In recent year, some scholars have introduced machine learning into Wi-Fi finger-print positioning, such as KNN [4], WKNN [5] and SVM [6]. In this method, it mainly training a classification model based on machine learning to extract the mapping relationship between Wi-Fi RSS and device location. Wang et al. [7] used a four-layer FCN (fully connected network) for fingerprint positioning. The network structure is pre-trained by stacking and self-encoders, and the global fine-tuning is performed by backpropagation. The feature is automatically extracted from the wavy wireless signal and linearly transformed to calculate the position of target. FCN model can achieve higher positioning accuracy and enhances system robustness, but the multi-layer FCN has too many parameters, which need a large number of data to train the parameters. More importantly, FCN does not take advantage of positional information between RSS.

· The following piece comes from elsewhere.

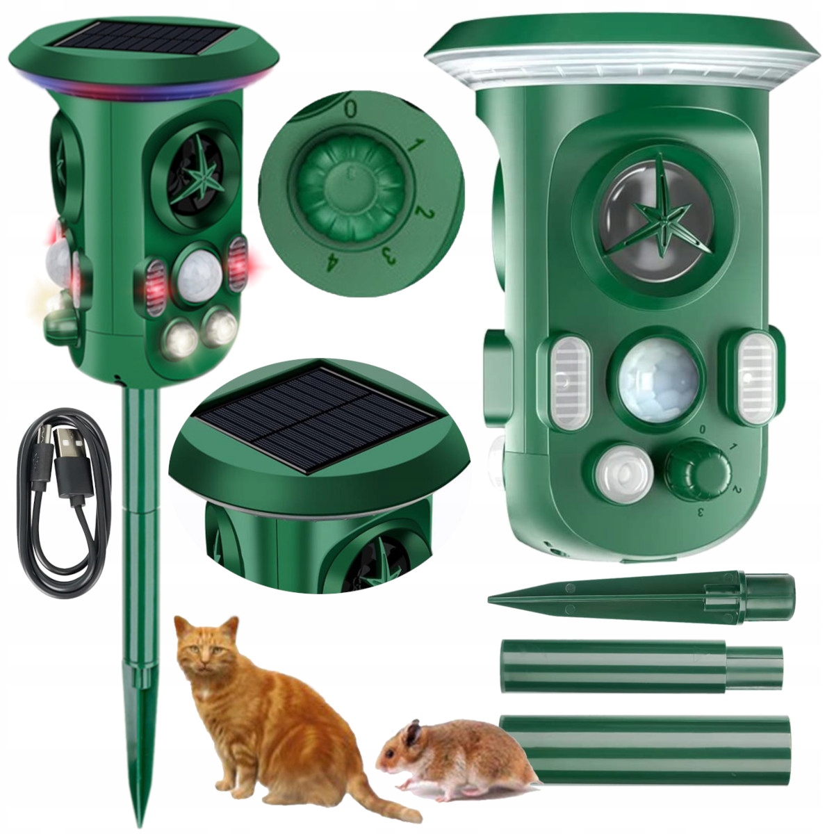 Відлякувач тварин із новітньою фотоелектричною технологією. Він використовує сонячну енергію для зарядки вбудованого акумулятора. Завдяки цьому відлякувач тварин може працювати без будь-якого обслуговування та автоматично без перерв.

If we sort each AP and RSS pairs according to the RSS value, the connection between each AP and RSS pairs and its surrounding pairs is relatively close, just like the adjacent word in a sentence. Although in other fields, deep learning model such as CNN, LSTM and Attention model perform well in sequence modeling, it is still not well applied in Wi-Fi fingerprint positioning. Therefore, in the paper, we proposed a fingerprint positioning method based on Bi-LSTM and Attention model.

3 Wi-Fi Attention Network

The overall architecture of the Wi-Fi Attention Network is show in Fig. 2 which refers to Yang’s Hierarchical Attention architecture [8]. It consists of two part: a Wi-Fi sequence encoder and a Wi-Fi attention layer. We introduce the details in the following sections.

Fig. 2.
figure 2

The architecture of Wi-Fi Attention Network

3.1 Wi-Fi Encoder

Each Wi-Fi sequence contains several APs and its RSS, drawing on the idea of text classification, we treat an AP and its RSS pairs as a Wi-Fi word, and treat each Wi-Fi sequence as a Wi-Fi sentence. Assume that a Wi-Fi sentence contains \( {\text{n}} \) Wi-Fi words \( w_{i} \), with \( i \in \left[ {0, T} \right] \) represents the \( i_{th} \) Wi-Fi word in the Wi-Fi sentence. We first embed the Wi-Fi words to vectors through an embedding matrix \( W_{e} \), \( x_{i} = W_{e} *w_{i} \). Then, we use a bidirectional LSTM [9] to get representation vector of Wi-Fi words by summarizing information from both directions, in this way, we can incorporate the contextual information of Wi-Fi sentence. The bidirectional LSTM contains the forward LSTM which get the Wi-Fi sentence \( {\text{s}} \) from \( x_{1} \) to \( x_{n} \) and a backward LSTM which reads from \( x_{n} \) to \( x_{1} \).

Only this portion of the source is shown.